_Task prompt_. Your output should match the listing below word for word, without any images.

_Dataset extract_.

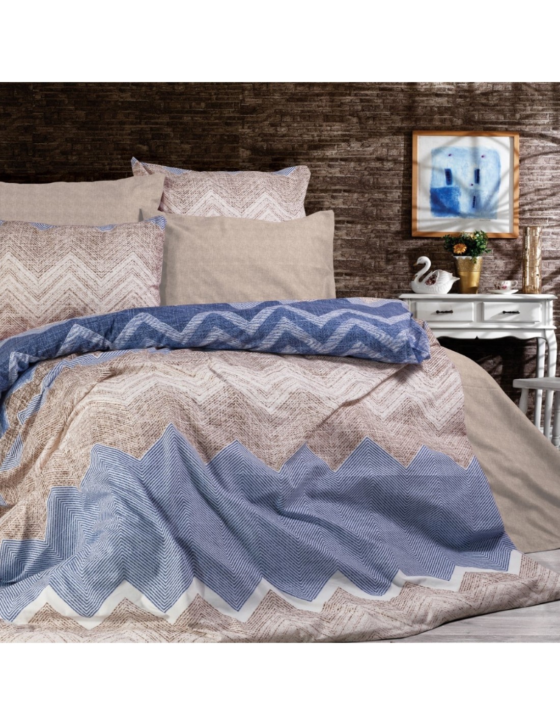 30% Polyester, 144 TC, σε χαρούμενα και απαλά χρώματα, με μοντέρνες και σύγχρονες παραστάσεις και στη κάτω πλευρά από Μονόχρωμο Mocha Shadow κομποζέ ύφασμα της ίδιας σύνθεσης για προστασία στο πάπλωμα σας και χρώματα στο κρεβάτι σας. Κατασκευάζεται στην Ελλάδα.
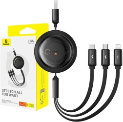 BASEUS Free2Draw je chytré řešení, které nahradí hned několik kabelů. Tři konektory v jednom těle vám umožní nabíjet až tři zařízení současně, a to s proudem až 3,5 A. Kompaktní navíjecí konstrukce šetří místo v tašce i na stole a brání zamotání.
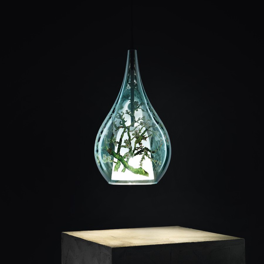 z.B. Glas-Pendelleuchte, drei Größen bei uns im Geschäft zur Ansicht,
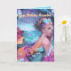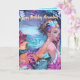 Carte d'anniversaire sirène aquarelle dans la mer. Ce design aquarelle présente de nombreux tons de bleu et de rose. Le fond comporte des vagues océaniques et un ciel coloré. La sirène porte ses cheveux relevés avec un bandeau de fleurs. Plongez dans l'enchantement ! Parfait pour les amateurs de sirènes. Illuminez la journée de quelqu'un avec cette carte époustouflante.

_Result of this task_.
 30% Polyester, 144 TC, σε χαρούμενα και απαλά χρώματα, με μοντέρνες και σύγχρονες παραστάσεις και στη κάτω πλευρά από Μονόχρωμο Mocha Shadow κομποζέ ύφασμα της ίδιας σύνθεσης για προστασία στο πάπλωμα σας και χρώματα στο κρεβάτι σας. Κατασκευάζεται στην Ελλάδα.
 BASEUS Free2Draw je chytré řešení, které nahradí hned několik kabelů. Tři konektory v jednom těle vám umožní nabíjet až tři zařízení současně, a to s proudem až 3,5 A. Kompaktní navíjecí konstrukce šetří místo v tašce i na stole a brání zamotání.
 z.B. Glas-Pendelleuchte, drei Größen bei uns im Geschäft zur Ansicht,
 Carte d'anniversaire sirène aquarelle dans la mer. Ce design aquarelle présente de nombreux tons de bleu et de rose. Le fond comporte des vagues océaniques et un ciel coloré. La sirène porte ses cheveux relevés avec un bandeau de fleurs. Plongez dans l'enchantement ! Parfait pour les amateurs de sirènes. Illuminez la journée de quelqu'un avec cette carte époustouflante.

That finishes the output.